Beth Cowper-Fung swabs resident

By: Mike Anderson

More than 130 residents tested negative for COVID-19 after the Georgina Nurse Practitioner-Led Clinic (GNPLC) launched a “pop-up” drive-thru testing site at the Georgina Sutton Arena Hall parking lot on July 29.

According to GNPLC Clinical Director Beth Cowper-Fung, 133 tests were completed, including nine walk-ins, with no one testing positive for the virus.

“All tests were negative. Some very happy folks will get to visit loved ones in other provinces or long-term care,” she said.

While Ms. Cowper-Fung was hoping for a bigger turnout, with 400 swabs available for testing, she wasn’t sure they could have handled any more vehicles.


“I was hoping to get more. But we were steady. And so even if we had 400 cars show up, I don’t know that we could have seen them all, and it would have been horrific to turn them away,” she said.

“Those 133 people will now go out there into the community and say it doesn’t kill you. It’s not that bad. And so we may have more interest going forward.”

While some residents were a little apprehensive about getting the test, they were grateful not to have to drive to Newmarket to get it done.

More than a dozen vehicles lined-up for the start of the “no-appointment necessary” testing, which was offered from 10 a.m. to 2 p.m.

The first car to enter the parking lot was driven by Joan from Jackson’s Point, who has Chronic Obstructive Pulmonary Disease (COPD) and wanted to get tested for some peace of mind.

“I do cough, and I just wanted to make double sure,” she said.

“I think it’s a great idea because many people can’t get down to Newmarket or just don’t want to, because they’re afraid to go to the hospital where they might catch it.”

That sentiment was echoed by Rachel, from Pefferlaw, who wanted to get a test because she hasn’t seen family members, including a sister who’s ill, in four months.

“I think a lot of people have wanted something like this earlier. Because it’s too far to drive to Newmarket,” she said.

Despite concerns that expanded community testing might lead to a spike in Georgina’s COVID numbers — currently six active cases with no new cases reported over the past seven days — several residents said that it’s necessary to curb the spread of the virus.

“We’re doing a pretty good job. But with the beaches opening up, I’m concerned. It’s important to test because some people are carriers and don’t even know they have it,” Joan said.

“I think testing is good. Because you’re not going to know who’s sick and who’s not, I think it’s for the best. We should know,” Rachel added.

Rachel would like to see more drive-thru testing, as more people are coming from outside Georgina during the summer months.

“A lot of them are acting foolishly and not obeying the laws.”

Mayor Margaret Quirk also wants to see more community testing going forward.

“If you’re asymptomatic and you’ve got the COVID virus, you need to know, and we as a community need to know,” she said.

“At the very beginning of this pandemic, the head of the World Health Organization (WHO) said that the key to bringing the pandemic under control is testing, testing, and more testing.”

Mayor Quirk also emphasized that testing on this scale, couldn’t happen without the leadership of the Georgina NPLC.

“They have health care professionals. They know what they’re doing. This didn’t just happen overnight. This took a lot of planning. We, as a Town, don’t have the ability to put a testing site in. So it’s great that the nurse practitioners have stepped up to do it.”

CAO David Reddon & Mayor Margaret Quick speak with Beth Cowper-Fung: courtesy Sean Fung

While the event was a logistical challenge, requiring contributions from various health agencies, the Town of Georgina, local not-for-profits and businesses, Ms. Cowper-Fung is considering more drive-thru testing events in the coming months.

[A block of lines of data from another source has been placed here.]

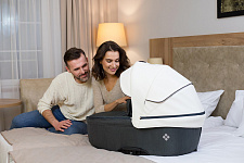 Люлька отличается прочной и легкой конструкцией с мягким и уютным внутренним пространством. Капюшон из экокожи регулируется, а накидка оснащена дополнительным отворотом, который защищает малыша от ветра и солнца. Вентиляционные решетки на дне люльки обеспечивают постоянный приток свежего воздуха, а регулируемый рычаг позволяет расположить ребенка в полулежачем положении.
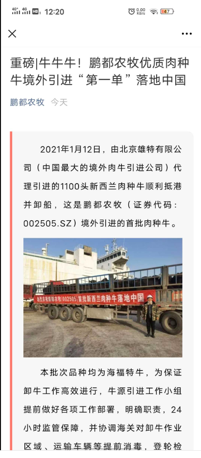 如果信息是真的,鹏都农牧股民放心持股待涨!
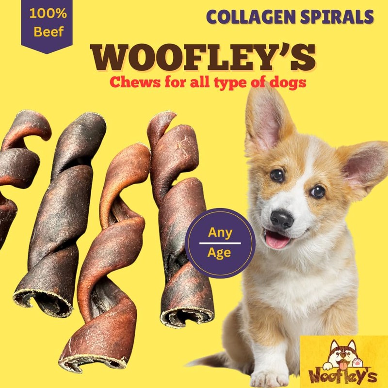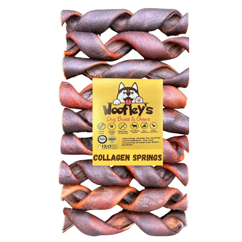 Woofley's 6 Inch Collagen Springs - 12 Count - Collagen Chews for Medium & Large Dogs - Bully Stick Spiral Rawhide Alternative
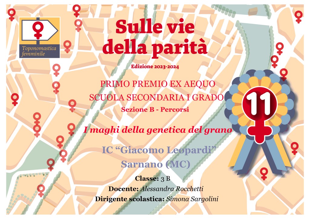 Il progetto è stato poi premiato anche all’ XI concorso nazionale Sulle vie della parità di Toponomastica femminile, il 19 aprile a Roma, nella cerimonia che si è tenuta presso l’Università Roma 3. La commissione — si legge nella motivazione con cui i ragazzi e le ragazze hanno ricevuto il premio il 12 aprile 2024 all’Università di Camerino — intende premiare la classe 3 B della Scuola secondaria di primo grado “Giacomo Leopardi” di Sarnano per l’aver portato alla luce il lavoro di donne che hanno contribuito fattivamente al progresso scientifico; in particolare, di Carlotta Parisani, moglie di Nazareno Strampelli, coniugi impegnati nel miglioramento genetico delle varietà di grano. La commissione ha molto apprezzato il lavoro svolto da ragazze e ragazzi in piena autonomia, utilizzando tecnologie e linguaggi comunicativi originali e personali, in un rapporto peer to peer fra studenti che hanno organizzato una redazione per la creazione di podcast e suddiviso il lavoro in gruppi impegnati nei vari aspetti del progetto, dalla scrittura all’editing, dalla gestione del materiale multimediale alla comunicazione sui social. Il tutto nella consapevolezza di quanto ricerca e progresso scientifico vengano svolti sul proprio territorio e del basilare ruolo, spesso marginalizzato, rivestito dalle donne nel progresso scientifico.
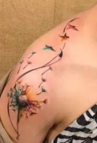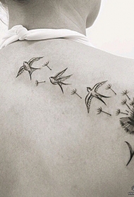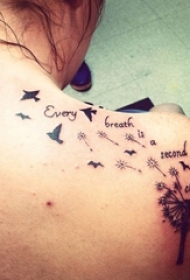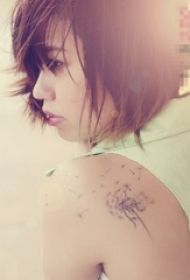 女生肩部黑色小鸟轮廓和植物蒲公英纹身图片
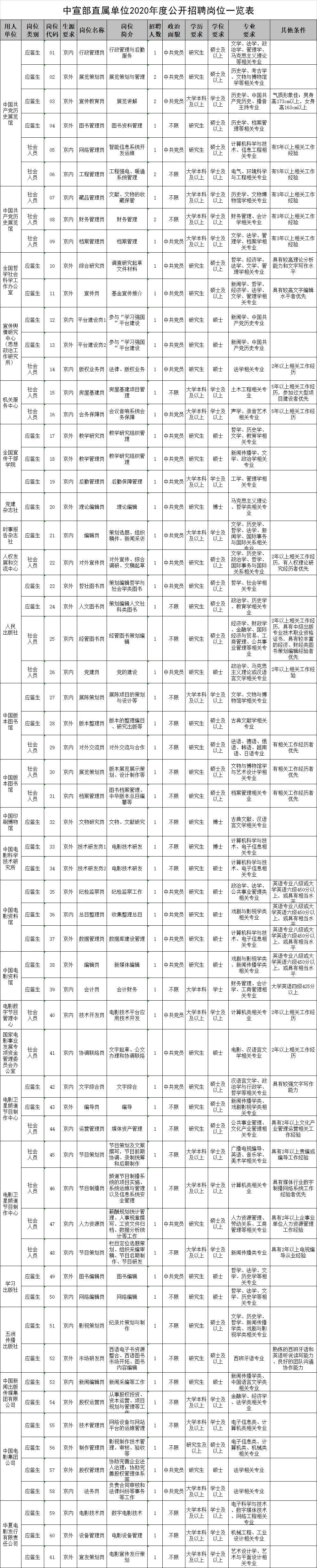 附:1.《中宣部直属单位2020年度公开招聘岗位一览表》
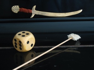 Soldiers cast lots for Jesus’ clothes: dice. If your 100 yen store doesn’t sell these, buy wooden blocks and draw the dots on yourself. You could sand the corners. Jesus offered vinegar to drink: piece of natural sponge on a bamboo skewers. Jesus’ death confirmed: sword. This one is a letter opener I found at a 100 yen store.
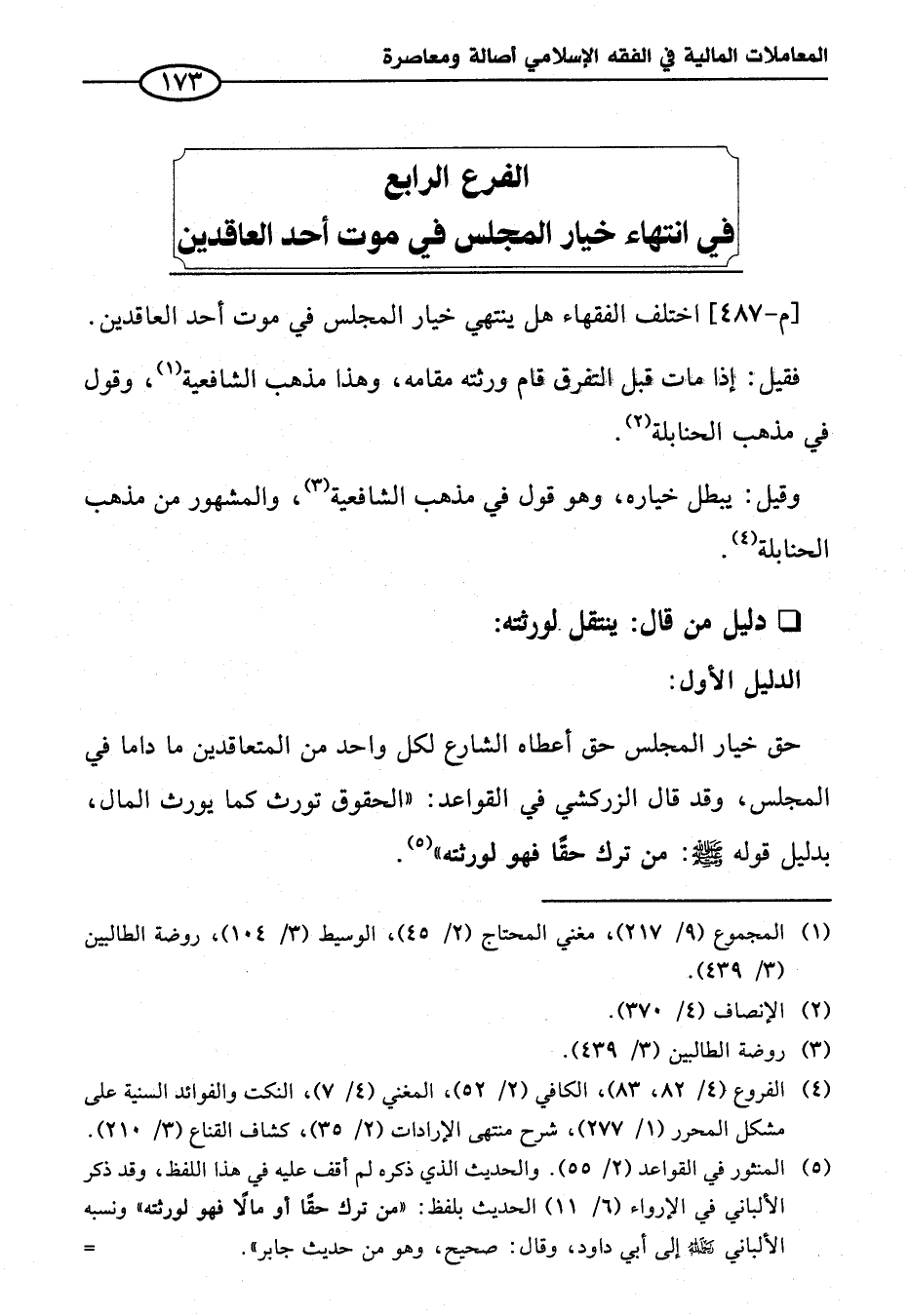 الفرع الرابع في انتهاء خيار المجلس في موت أحد العاقدين
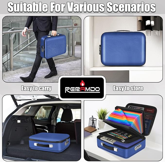 - 【UL-94 VTM-0 certified fireproof box】: RERAMDO fireproof file box surface is made of non-itchy silicone coating and thick flame-retardant fiberglass material, which is fireproof and heat-resistant, and has passed SGS (UL-94 VTM-0) testing and certification. The surface water Resistant material effectively prevents liquid penetration and protects the safety of important documents.
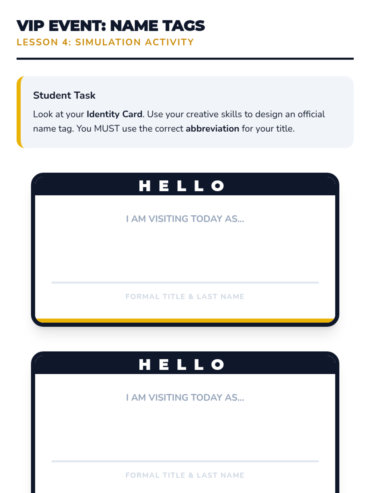 Students apply their skills to draft formal invitations using correct title abbreviations in salutations.

But she would like to streamline the process.

While she said that the actual swabbing was fast, there was a lot of time spent handling IDs and processing paperwork.

She’d like to double the number of administrative staff and pre-book tests, allowing forms and labels to be printed beforehand.

Still, she estimates it took just 16 minutes from start to finish, if the vehicle was six car lengths behind.

Test results, which typically take from 36 to 72 hours, are posted online at and require an OHIP card number to access.

If residents do not have an OHIP card or cannot access a computer, the staff at the GNPLC will assist them.